Потом — большой провал во времени. Великая капитуляция, в которой шум волн становится как хлеб, и снится Томми, выходящий из моря, толстый Нептун в химических кудряшках и капроновом спортивном костюме, с глазами кальмара. Томми на улицах, Томми в магазинах, Томми в АА, Томми в собесе. Время испуга в душе — вот сейчас постучат в дверь, жаль, что он так плохо запомнил то время, когда зыбь утихала, разливался покой, а прежнее время — растерянности и ярости, — лишь иногда вдруг вспыхивает в памяти, когда солнце палит, или когда пахнет гниющей травой, или тухлым мясом, или когда где-нибудь в этом приморском городке за окном сирена взорвется внезапным отчаянным воем. Или призрак руки, что все еще трудится за пределами культи, и боль, что иногда превышает пороговое значение, и тогда нервы словно охвачены бурей, все тело спонтанно дергается, конвульсии, поверхность кожи холодеет, и потеешь, и кровоток замедляется, и в пространстве под этим ураганом ощущений живет неустанное напоминание о пережитой лихорадке, о той жаре, и тогда он жаждет, чтобы рука была на месте, пустота напоминает ему о пустоте, ушедшее напоминает о потерянном, а потом он примиряется и может жить дальше, теперь жить можно, бля. Как тяжко лежать в ночном поту и грезить, что твое тело источает алкоголь, и шипение волн словно тихий аккомпанемент потерянной жизни и ушедшему куску плоти, но в общем и целом он рад, что оказался здесь, он знает это, когда дергает еду из огородной земли или наблюдает за лисом, сующим нос в изгородь, или нюхает витающий в воздухе звериный запах или кормит кролика сельдереем или смотрит как птицы клюют семечки что он им насыпал на утреннем солнышке и незамутненный разрыв за который он с такой силой цеплялся отдается эхом в языке звучащем вокруг:
Аберистуит — устье реки
Эрири — жилище орлов
Понтхривендигайд — мост у брода Богоматери.

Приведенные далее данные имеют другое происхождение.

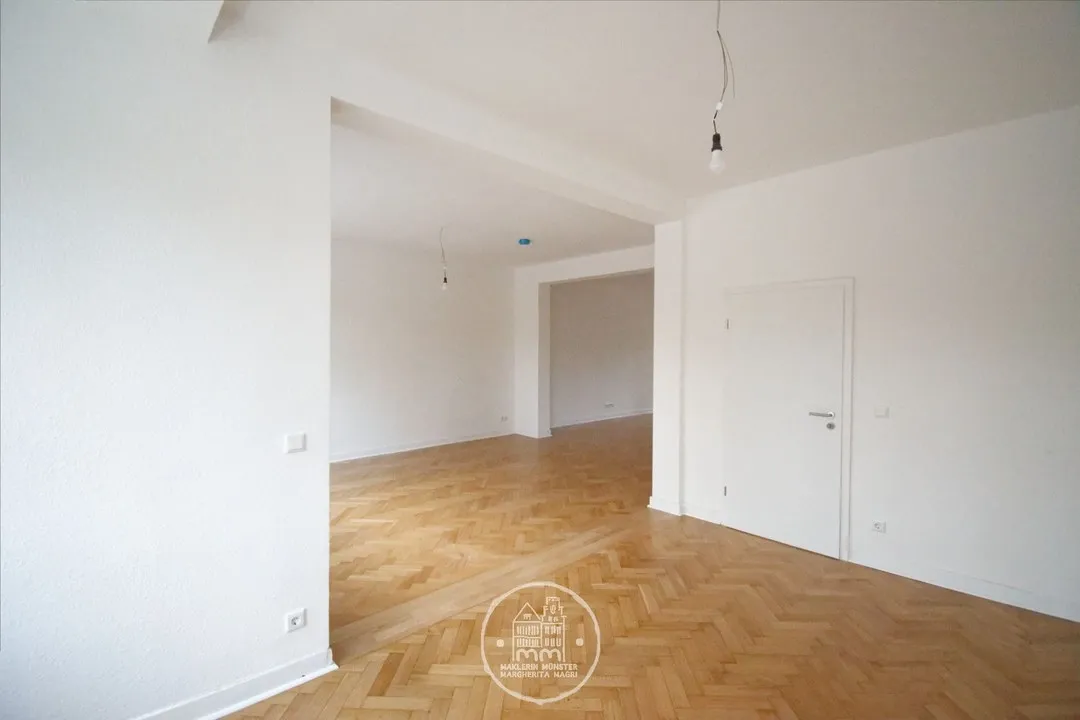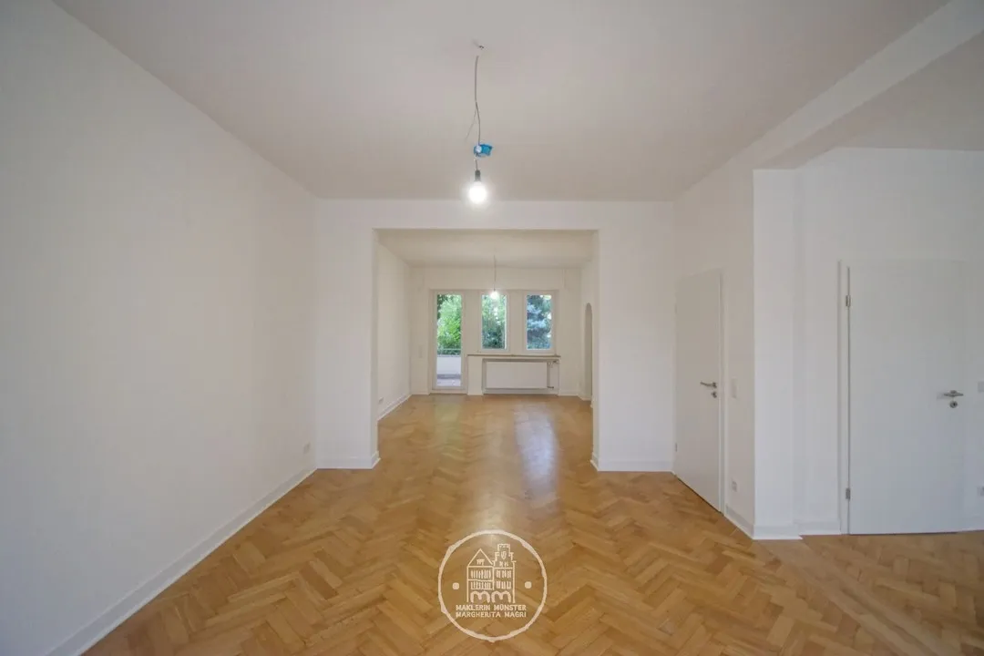 Über die liebevoll aufgearbeitete Original-Eichentreppe gelangt man in des erste Obergeschoss, die "belle Etage", wo sich drei ineinander übergehende offene Räume befinden. Diese repräsentativen hellen Räume mit ca. 55m² Gesamtfläche bieten sich als Wohnräume, Büro, Ausstellung etc. an. Hier wurde das originale Fischgrätparkett aufwändig überarbeitet. Des weiteren befinden sich auf dieser Ebene sich ein Gäste-WC und die überdachte Terrasse mit dem Zugang zum Garten. Der Garten würde sich über Nutzer mit einem "grünem Daumen" freuen.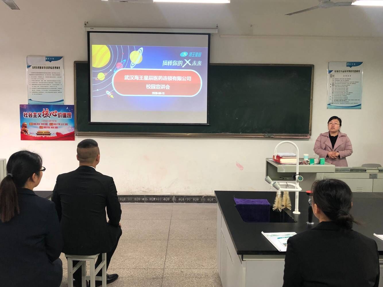 2019年4月11日,武汉海王星辰连锁有限公司在弘德楼602教室特举行“海王星辰”招聘见面会,我院2017级药学专业、医药营销专业学生参加了本次招聘会。海王药业有限公司人事经理田红雪、营业部专员肖艳丽(我院2012级药学专业毕业生)莅临我院,田红雪主持了本次招聘见面会。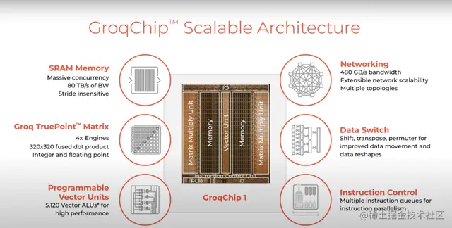 不同于传统的CPU和GPU架构,Groq从头设计了一个张量流处理器 (TSP) 架构, 以加速人工智能、机器学习和高性能计算中的复杂工作负载。这个架构不是开发小型可编程内核并对其进行数百次复制,而是容纳一个具有数百个功能单元的单个处理器。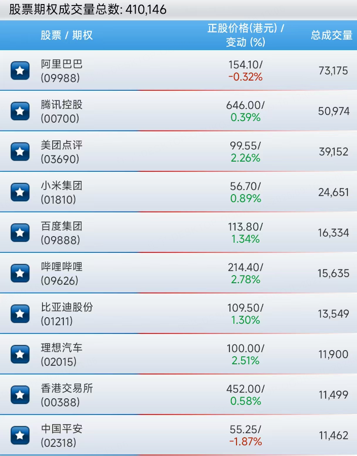 港股期權半日成交410146張。其中,阿里巴巴連續第二日位於榜首,期權成交73175張。騰訊、美團、小米、百度等主要科技股緊隨其後。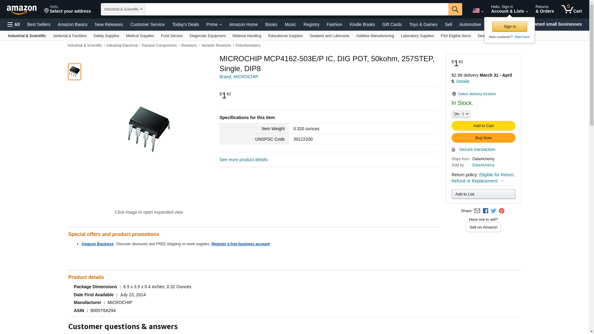| 1Source | MCP4162-503E/P | 1 | 1 | ||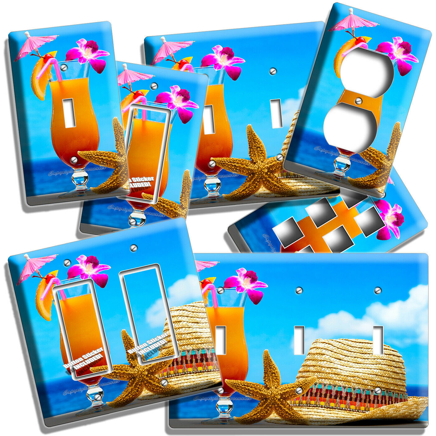 TROPICAL DRINK STARFISH HAT LIGHT SWITCH OUTLET PLATE BEACH HOUSE BATHROOM DECOR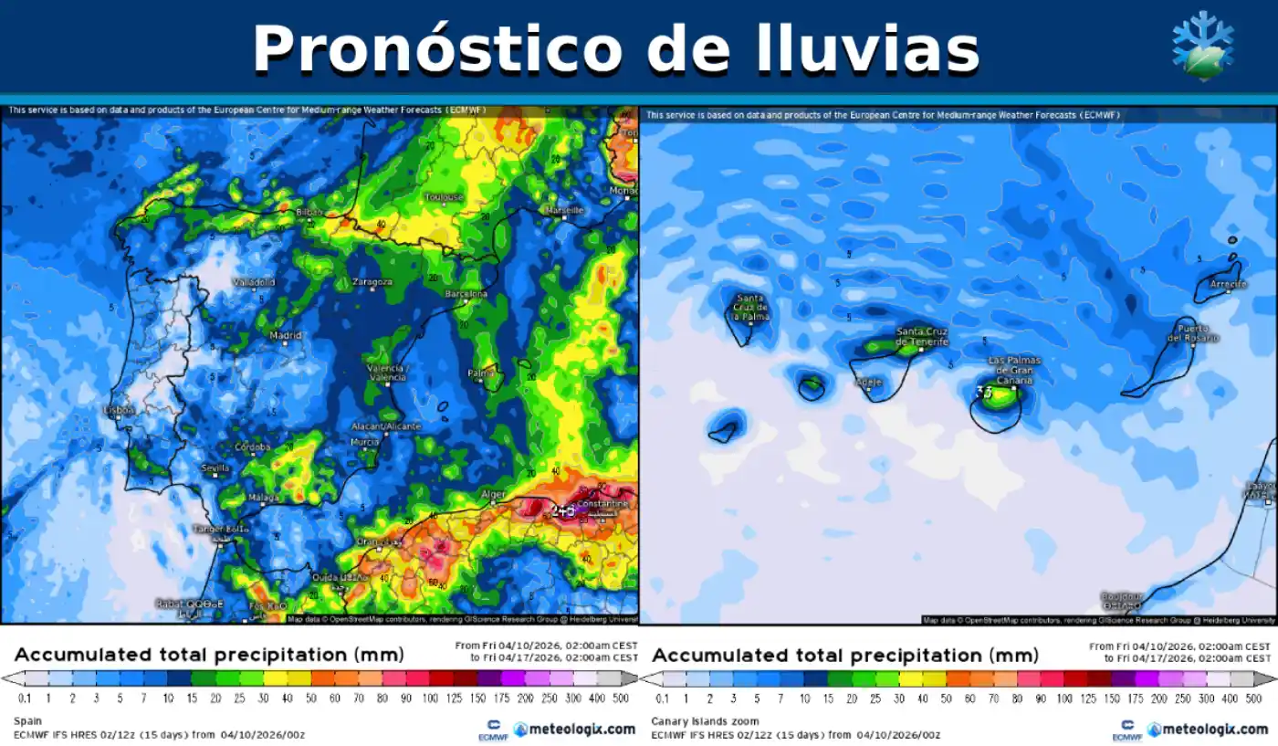 Interpretar el mapa: la escala de colores dibuja las precipitaciones totales que, según el modelo, se van a recoger en toda España durante el período analizado.
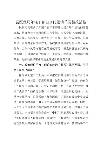 【七哥公文】2025年:县医保局年轻干部自查问题清单及整改措施+更多免费公文+VX:QiGeGongWen2024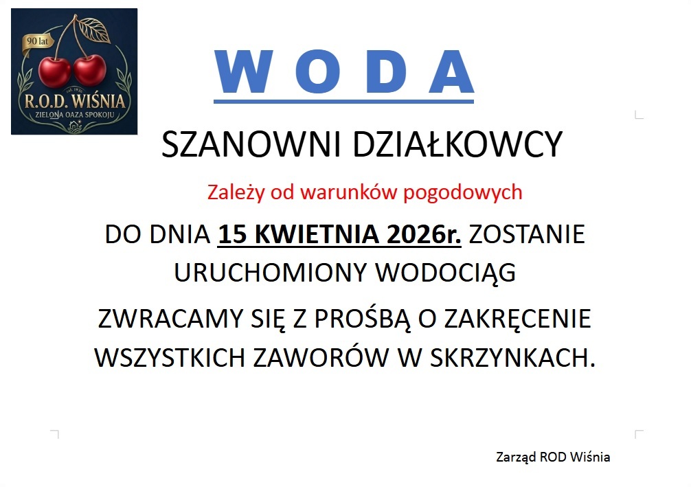 Zanim woda zostanie włączona w sieci ogólnej, prosimy działkowców o sprawdzenie szczelności instalacji na swojej działce i zakręcenie zaworów, aby uniknąć zalania lub wysokich rachunków. Za zużycie wody płaci działkowiec na podstawie wskazań wodomierza.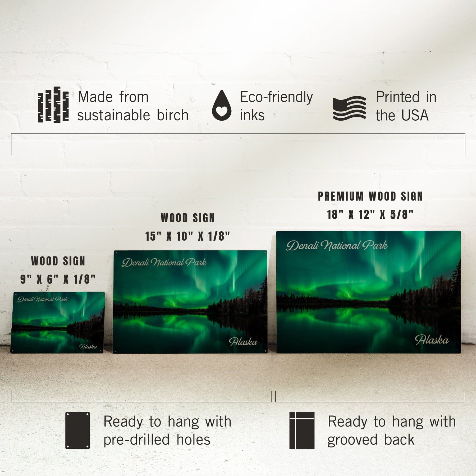 Denali National Park, Alaska, Northern Lights over Lake, Wood Signs and Postcards Wood Lantern Press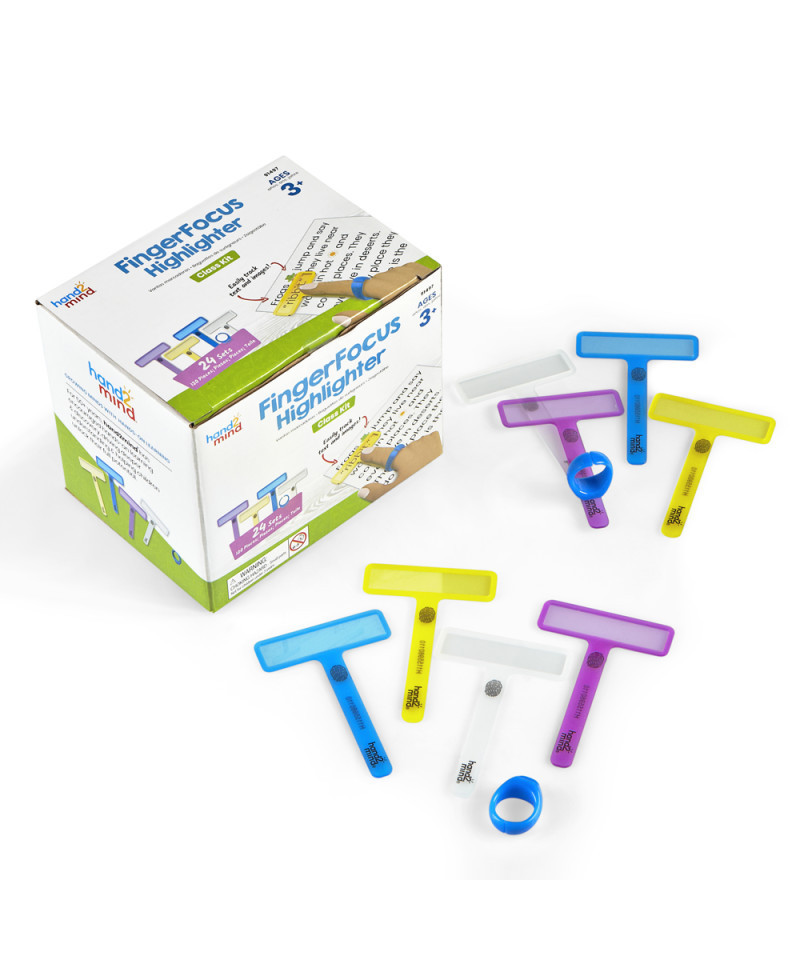Students will love these bright, transparent wants. The FingerFocus Highlighter is the perfect tool to help emerging readers easily track text as they learn to read. Each set includes a wearable ring and 4 interchangeable colored wands to help text stand out better on both page and screen. Classroom Kit includes 24 sets, for a total of 96 wands and 24 rings.

А Ребекка? Что с ней сталось? Не так уж она и рвалась жить; поэтому он надеется, что она по-прежнему проводит большую часть времени во сне. Наяву она лишь мучилась, порой ему чудится, что ветер с другого берега доносит ее голос, что зовет и зовет и пытается научить его слушать, потому что он ее просто не слышит, но знает, что если б не она, и если б он по-прежнему был с двумя руками, работал бы он сейчас на каком-нибудь сраном конвейере или раскладывал банки по полкам в супермаркете и дни его ползли бы в глухоте, ненависти и скуке, безо всякого сюжета, так что все это — и она — сделали его тем, что он есть — неповторимость женщины и губительного пристрастия и обломка грязной иглы и рокового умирания клеток, все это в нем, как татуировка.
Чуть не каждое утро одноглазый лис спускается с горы. Одноглазый лис, вниз по склону и в его сад, обнюхать и пометить. И птицы слетают с деревьев и с неба, поклевать его семян; посланники, спускаются на лезвиях солнечных лучей, клюют его семена.